The senator from Texas refused to endorse Donald Trump, the nominee, and was widely seen as making a case for himself for another run for the presidential nomination in 2020.

“Vote your conscience,” Cruz said, winding up his speech. “Vote for candidates up and down the ticket who you trust to defend our freedom and to be faithful to the Constitution.”

He did congratulate Trump for “winning the nomination last night”earlier in the speech, but did not endorse him or offer words of support that Trump supporters were expecting him to.
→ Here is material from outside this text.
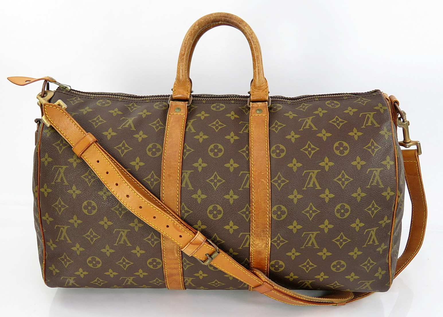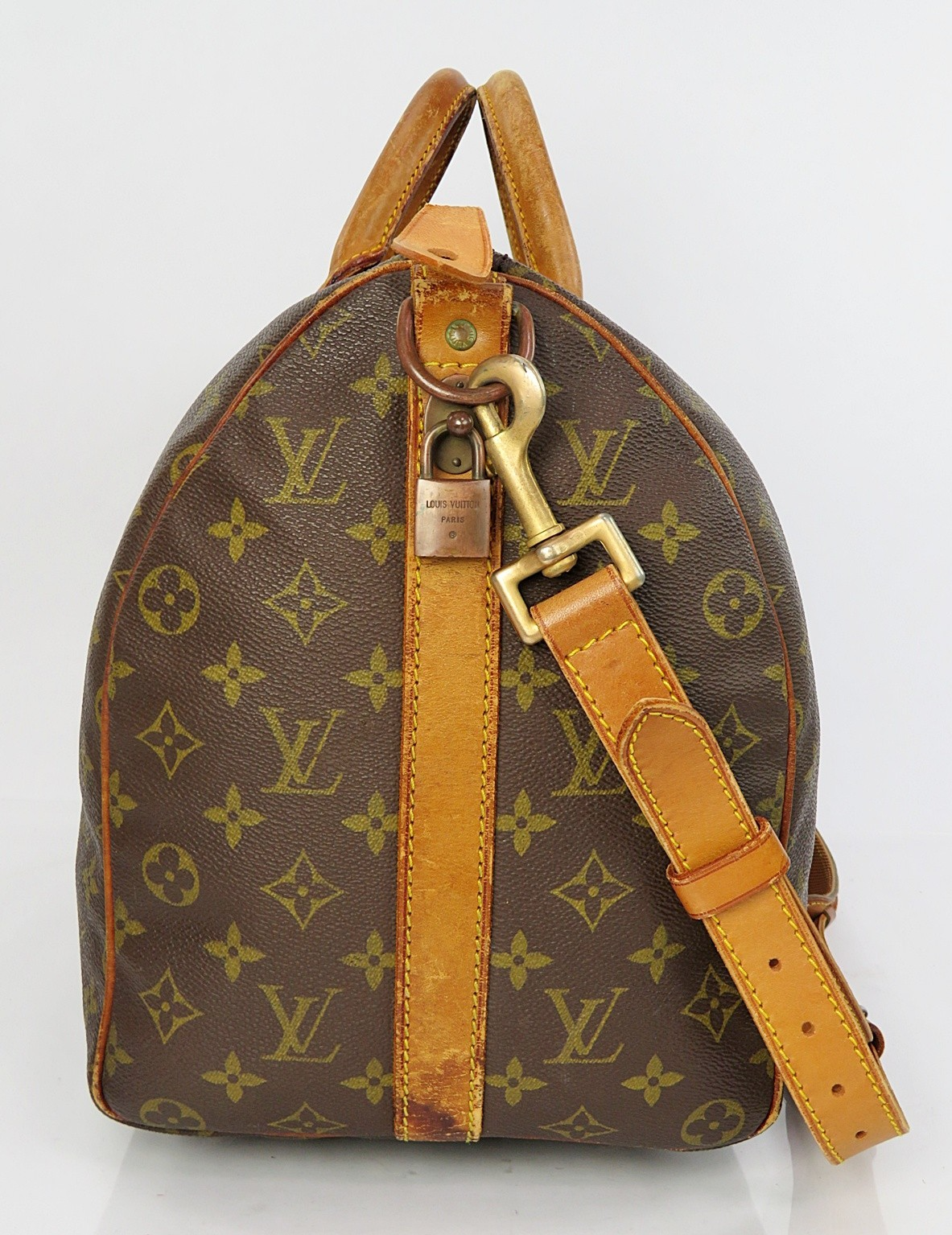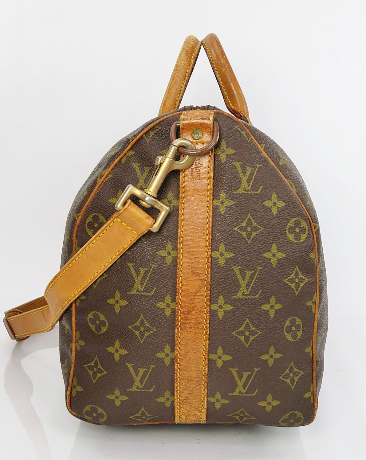 Authentic LOUIS VUITTON Keepall Bandouliere 45 Monogram Canvas Duffel Bag Item Description Description Name: LOUIS VUITTON Keepall Bandouliere 45 Made In: France Code: SD (France) Color: Browns Material: Louis Vuitton monogram canvas and leather Features: Large bag for use when you travel or go to the gym. Size in inches (approx.): W 17.7 x H 9.85 x D 7.85 Size in cm (approx.): W 45 x H 25 x D 20 Handle drop in inches: Handle : 4 Adjustable shoulder strap. Handle drop in cm: Handle : 11 Adjustable shoulder strap. Comes with: Shoulder strap and padlock (No. 205) no key. Condition Condition Rating: Outside: BC Inside: B Outside: Monogram canvas has discoloration, spots and rubbing. Leather trim has discoloration, scuffing, spots, stains, wear, wrinkles and cracks. Leather loops to attach shoulder strap and leather piping have scuffing, wear, cracks and discoloration. Inside: Discoloration, stains and spots. Outside Pockets: N/A Inside Pockets: N/A Handles: Handles have discoloration, scuffing, spots, cracks and wear. Shoulder strap has discoloration, spots, stains, scuffing, wear and wrinkles. Corners: Scuffing, burnt, cracks and discoloration of leather piping. Scuffing of canvas. Snaps, Zippers and Hardware: Zipper works fine. Leather tab on zipper pull has cracks and wear. Hardware has scratching, tarnish, peeling and discoloration. Odor: Storage smell. Please see pictures for more details. Payment and Shipping Information Payment Options: We accept all eBay approved payment methods. Shipping: Shipping is FREE worldwide. All products are sent by EMS (Express Mail Service) or DHL and you will get a tracking number. Sales Tax: Any customs fees, duties and taxes are the responsibility of the buyer. Please contact your country's customs office to find out these costs before bidding or buying. Customer Service & Return Policy: We accept all returns within 30 days of receiving the merchandise. We will refund original payment when the product has returned and is found in the same condition as it was sold, unless otherwise agreed upon. We do NOT refund original shipping charge. Return shipping costs are the responsibility of the buyer. About Us: We have been in the business of selling pre-owned, 100% authentic brand name products for over 20 years. We manage brick and mortar shops in Tokyo, Japan, selling items on consignment. Each item is checked for authenticity by a trained professional. All items were previously owned by Japanese who are famous for taking extra good care of these excellent and beautiful fashion goods. We are a licensed dealer with the Japanese Police Department. Authorization number: 431330028017. Please check the condition and photos carefully before bidding. If you are not completely satisfied with your purchase, Please contact us with any problems or concerns before leaving neutral or negative feedback. We will do our best to make you feel satisfied. Please email me with any questions. Good luck and thanks for looking. Powered by SixBit's eCommerce Solution

Cruz left the stage amid catcalls and booing and his wife Heidi Cruz, who was in the audience, was escorted away by security from angry Trump supporters heckling her.

“Wow, Ted Cruz got booed off the stage, didn't honor the pledge! I saw his speech two hours early but let him speak anyway. No big deal!’ Trump said in a tweet shortly.

But Cruz had made his point, wrecking the night for Trump and his running mate, Indiana governor Pence, who would have expected to dominate headlines with his acceptance speech.

Cruz later defended his decision, saying he was not Trump’s “servile puppy dog”. Trump had, during the primary battles, insulted Heidi for her physical appearance and suggested his father was linked to late president John F Kennedy’s assassin.

“I am not in the habit of supporting people who attack my wife and attack my father,” Cruz told a meeting in Cleveland on Thursday.

The Trump campaign had indeed previewed Cruz’s prepared speech, which was released under embargoed-until-delivered conditions shortly before the senator took the stage.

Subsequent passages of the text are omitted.